▶ [Material shown]:
- Opening Delimiter -

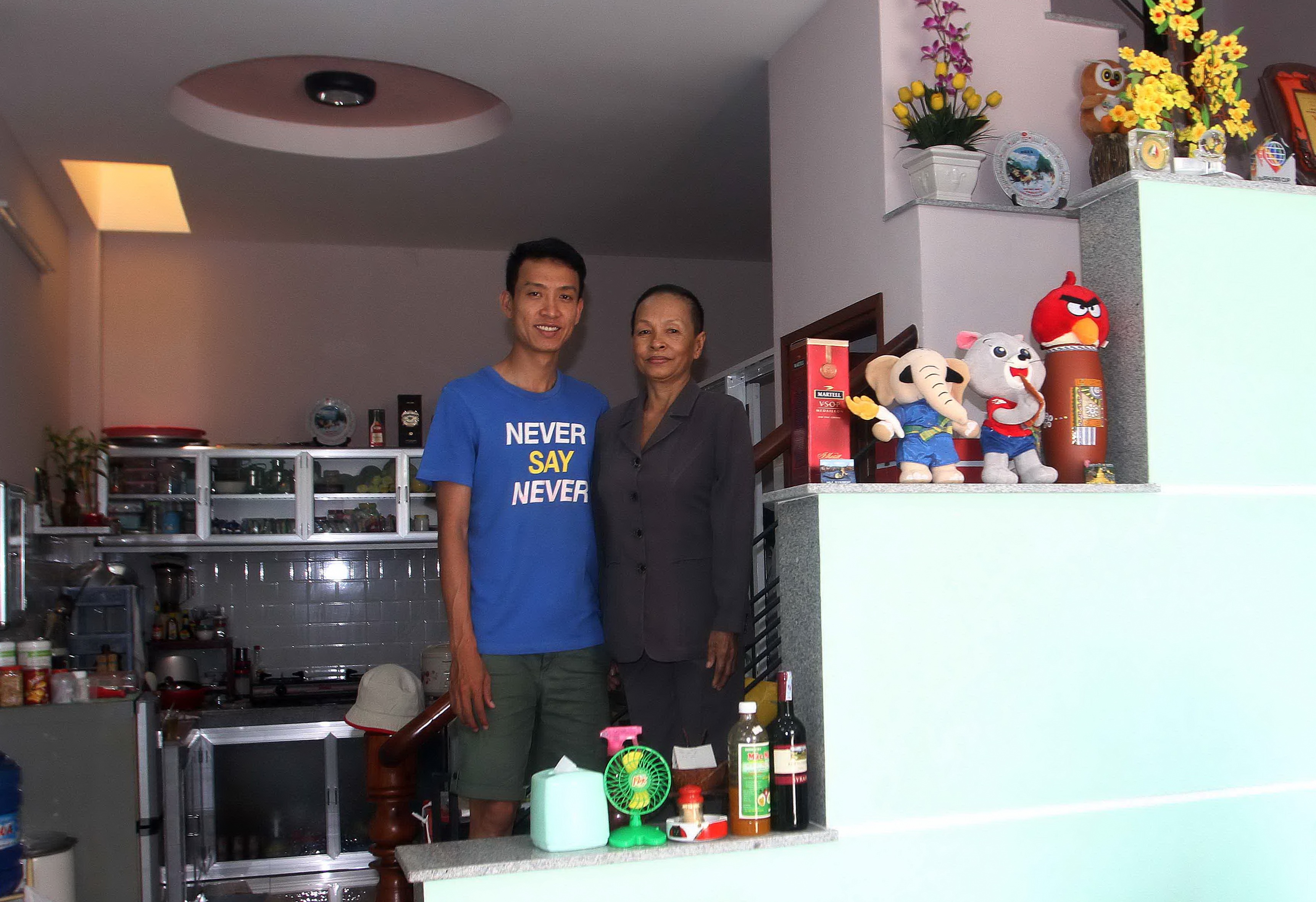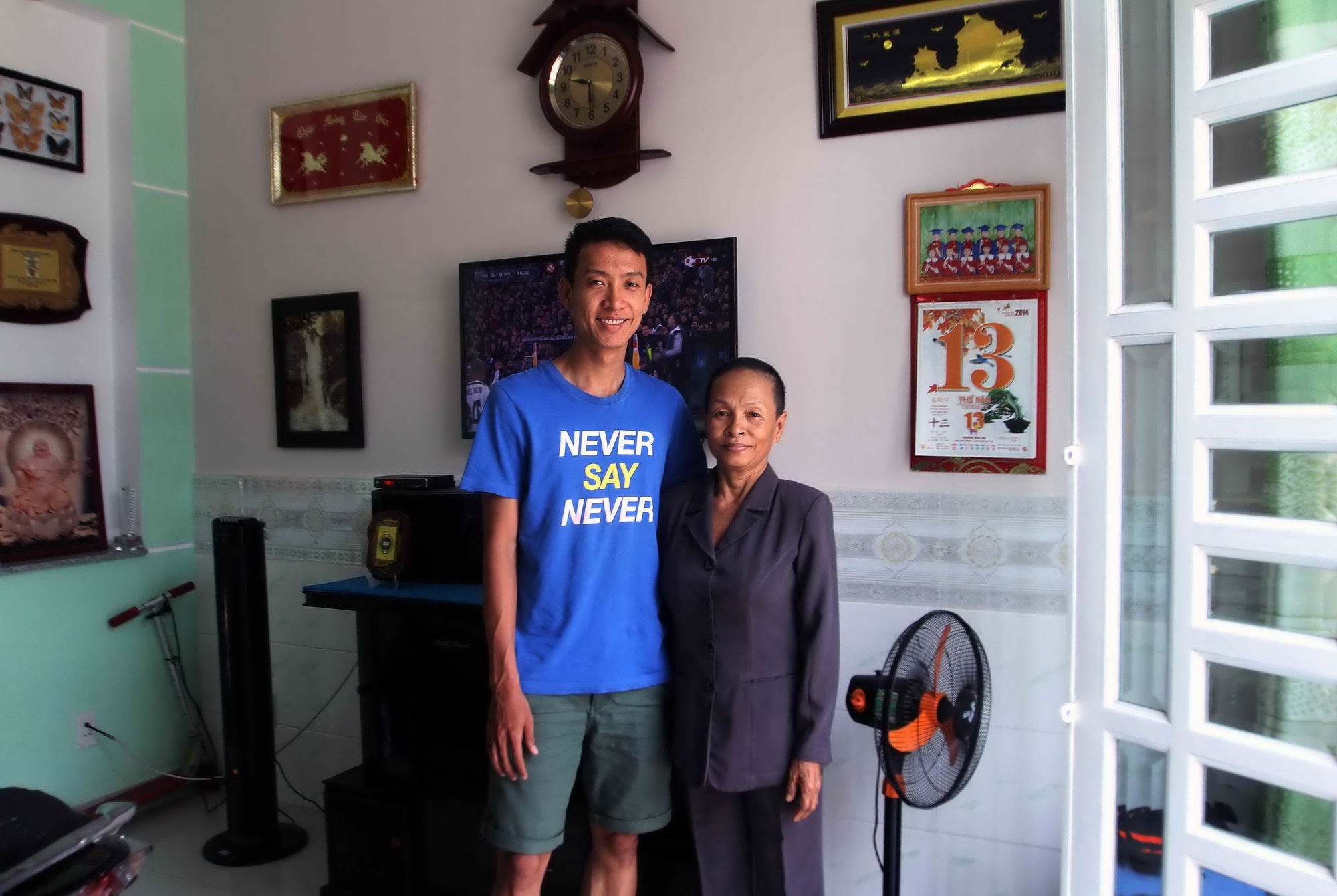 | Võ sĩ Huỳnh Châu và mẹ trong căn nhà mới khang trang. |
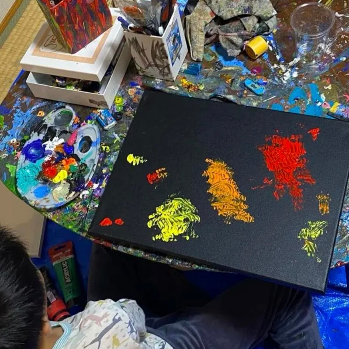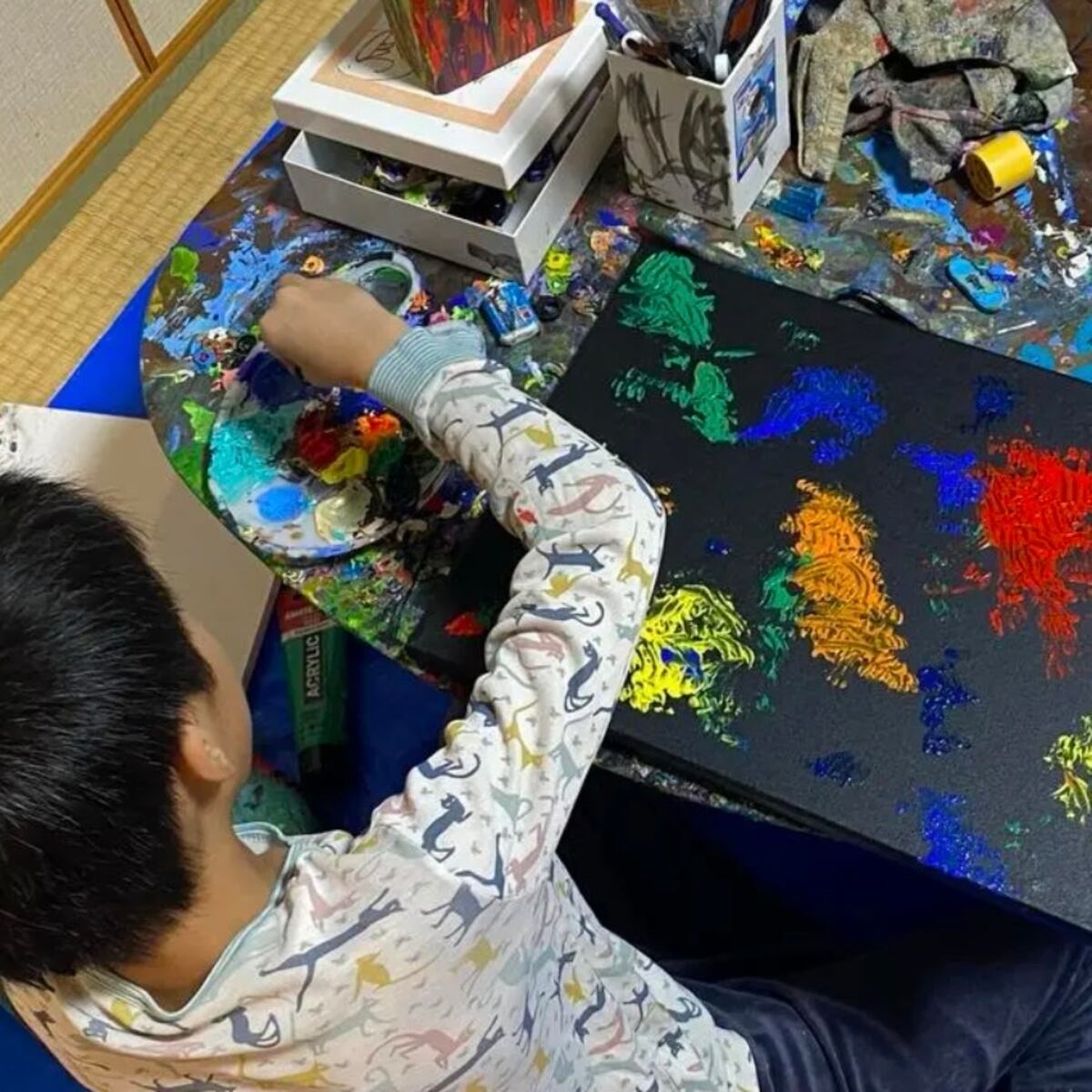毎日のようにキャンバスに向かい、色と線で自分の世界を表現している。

- Closing Delimiter -
- Opening Delimiter -

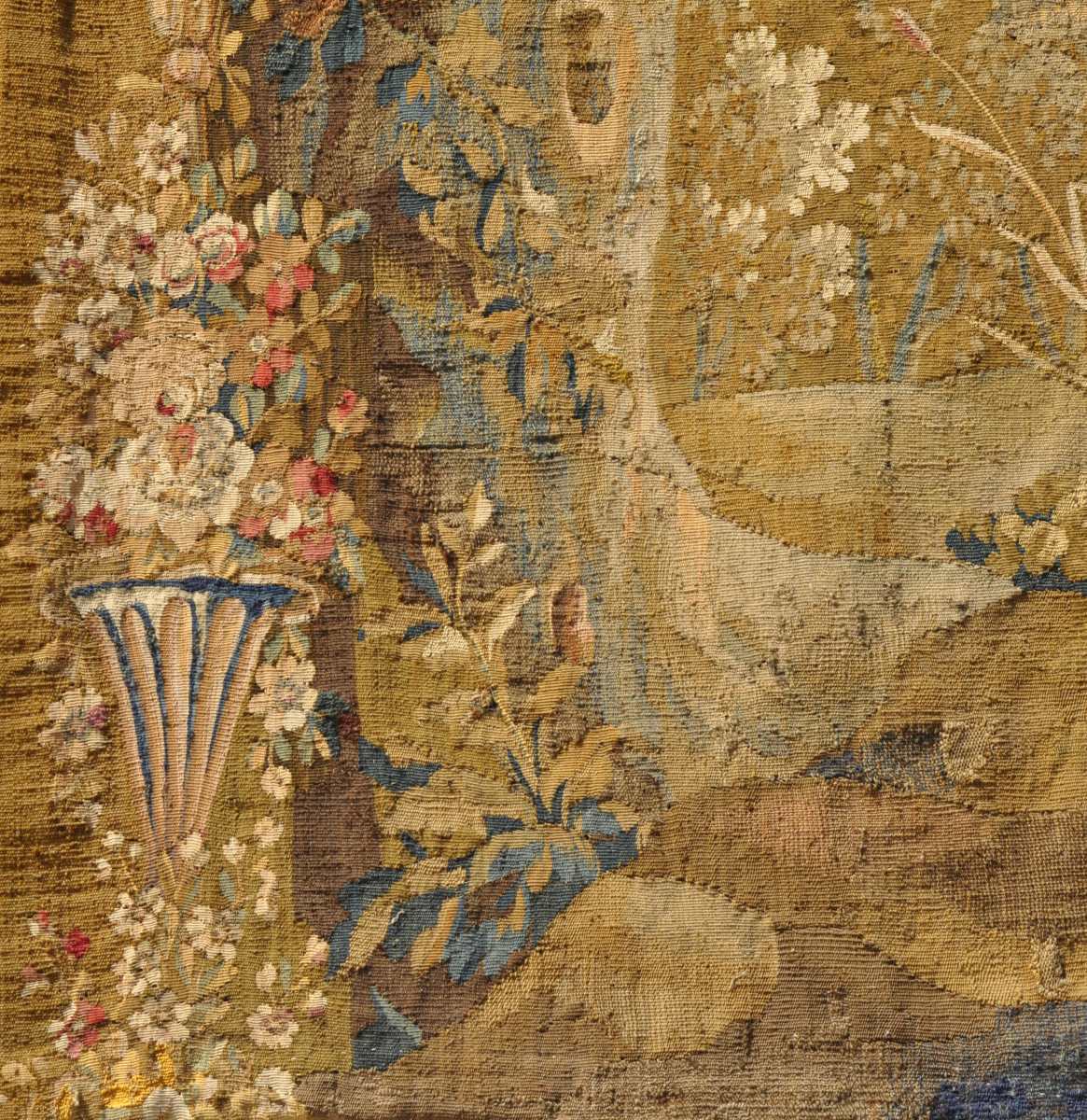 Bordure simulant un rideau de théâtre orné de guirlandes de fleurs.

- Closing Delimiter -
- Opening Delimiter -

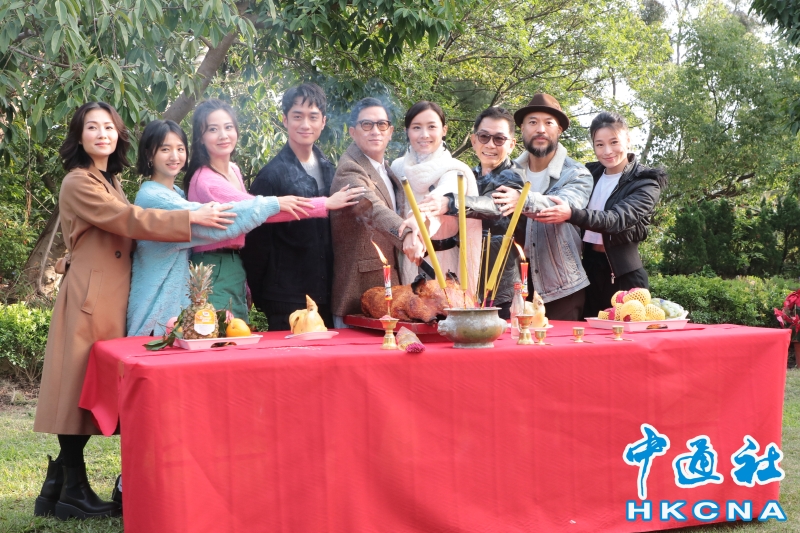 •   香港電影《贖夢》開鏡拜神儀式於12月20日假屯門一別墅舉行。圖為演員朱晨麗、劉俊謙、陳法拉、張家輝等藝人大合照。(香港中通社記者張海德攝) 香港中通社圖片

- Closing Delimiter -

▶ [Task prompt]:
Copy exactly the lines of the entries above from the one containing "khang trang. |" through the one containing "毎日のようにキャンバスに向かい、色と線で自分の世界を表現している。". Both end lines count; pictures do not.

▶ [Output of the exercise]:
 | Võ sĩ Huỳnh Châu và mẹ trong căn nhà mới khang trang. |
毎日のようにキャンバスに向かい、色と線で自分の世界を表現している。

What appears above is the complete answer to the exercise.